This task calls for the lines below starting at the one containing "公海jcjc5500智能K参" and ending at the one containing "Ritera Pockets Floral", repeated exactly with both ends kept and pictures left out.

DATA FOR ANALYSIS
•••••
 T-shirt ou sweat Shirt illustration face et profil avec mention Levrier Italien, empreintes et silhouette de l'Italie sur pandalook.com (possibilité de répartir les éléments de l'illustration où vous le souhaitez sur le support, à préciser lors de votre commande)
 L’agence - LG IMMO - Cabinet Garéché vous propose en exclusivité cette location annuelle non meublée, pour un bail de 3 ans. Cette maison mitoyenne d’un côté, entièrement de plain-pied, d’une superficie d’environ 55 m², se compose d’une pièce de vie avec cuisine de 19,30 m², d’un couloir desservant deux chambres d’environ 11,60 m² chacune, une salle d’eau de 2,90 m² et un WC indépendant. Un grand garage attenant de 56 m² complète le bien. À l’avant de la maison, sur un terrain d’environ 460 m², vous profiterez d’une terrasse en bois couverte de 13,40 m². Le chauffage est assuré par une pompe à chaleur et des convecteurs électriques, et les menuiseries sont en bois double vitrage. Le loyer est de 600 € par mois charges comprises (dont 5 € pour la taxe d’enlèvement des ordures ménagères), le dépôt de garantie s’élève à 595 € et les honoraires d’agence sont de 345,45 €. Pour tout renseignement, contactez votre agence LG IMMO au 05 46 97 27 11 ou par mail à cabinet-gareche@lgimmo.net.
•••••
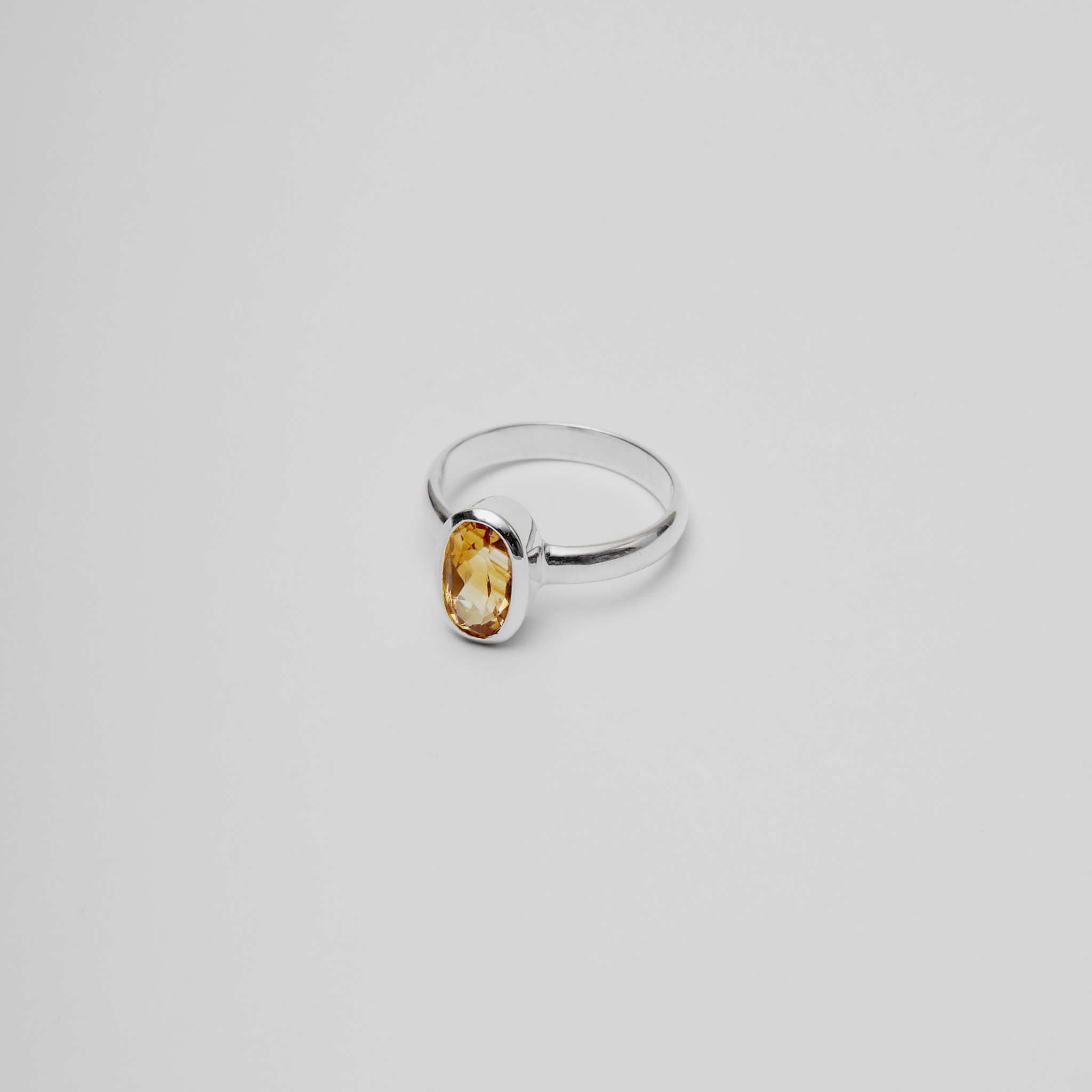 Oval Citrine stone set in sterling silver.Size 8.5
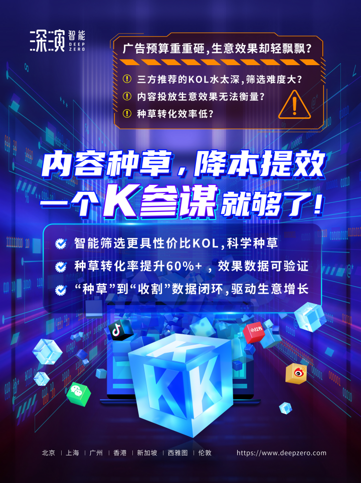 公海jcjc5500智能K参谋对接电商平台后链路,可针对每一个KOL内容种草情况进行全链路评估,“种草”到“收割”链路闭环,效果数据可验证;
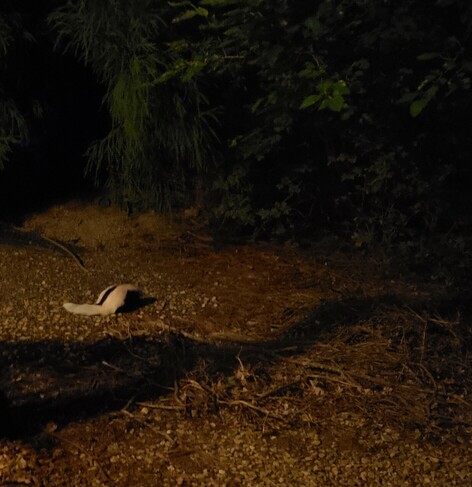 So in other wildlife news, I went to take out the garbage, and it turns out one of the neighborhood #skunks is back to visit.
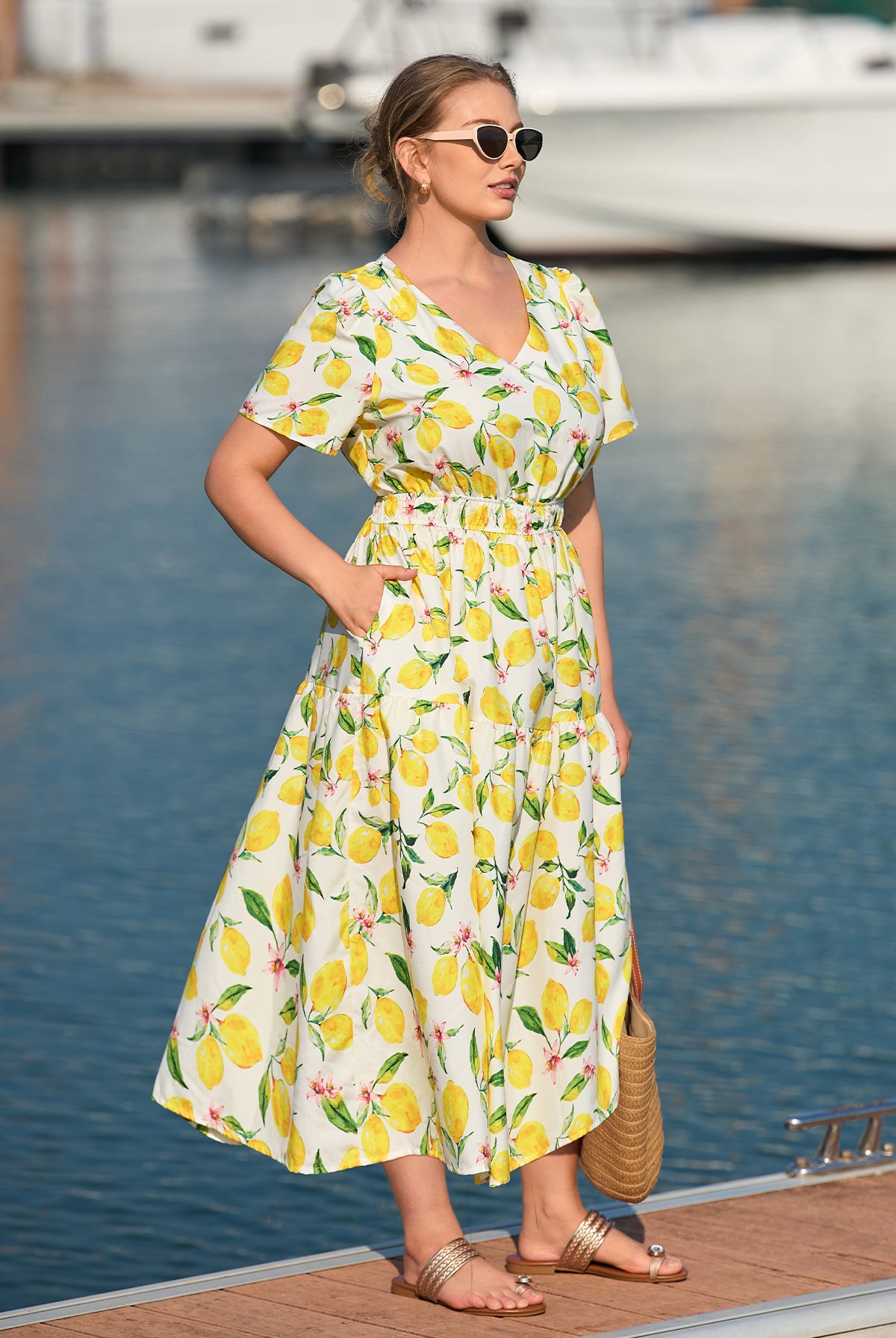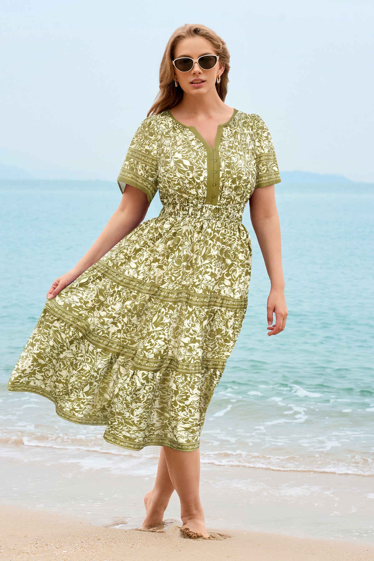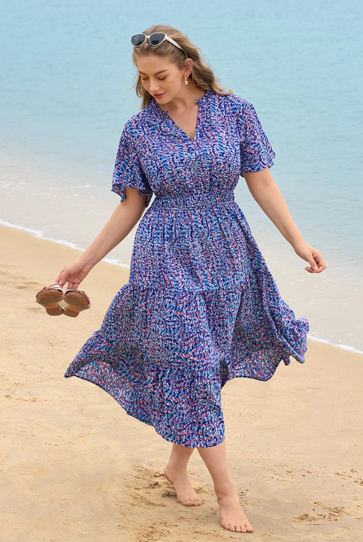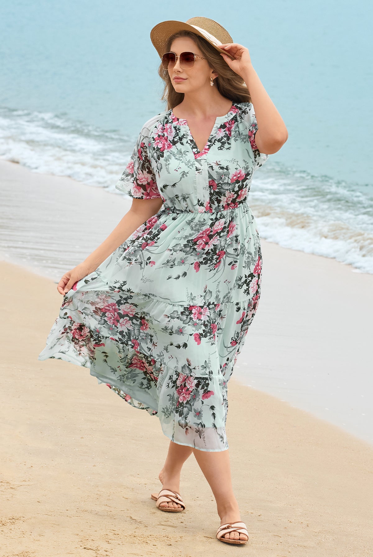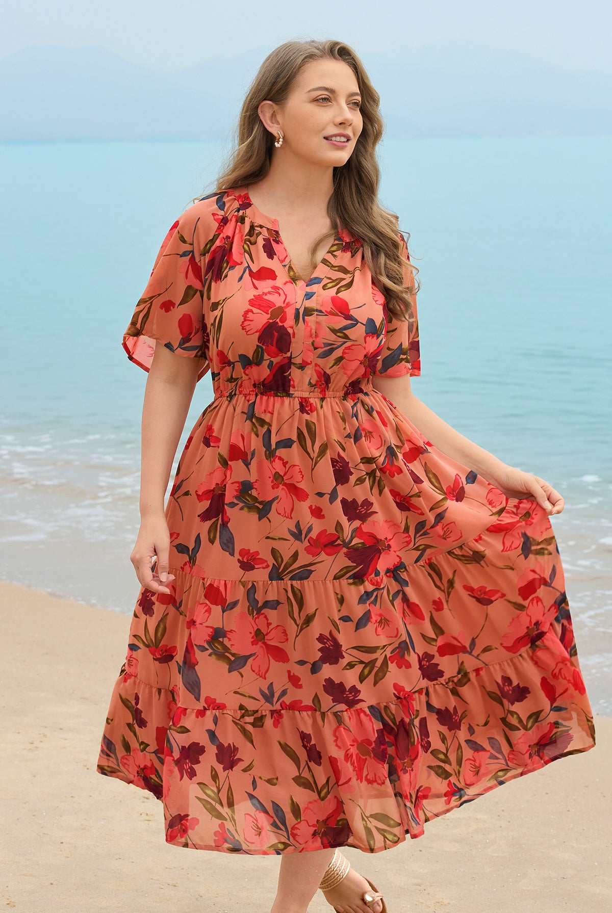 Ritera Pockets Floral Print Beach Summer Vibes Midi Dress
•••••
TASK RESULT
 公海jcjc5500智能K参谋对接电商平台后链路,可针对每一个KOL内容种草情况进行全链路评估,“种草”到“收割”链路闭环,效果数据可验证;
 So in other wildlife news, I went to take out the garbage, and it turns out one of the neighborhood #skunks is back to visit.
 Ritera Pockets Floral Print Beach Summer Vibes Midi Dress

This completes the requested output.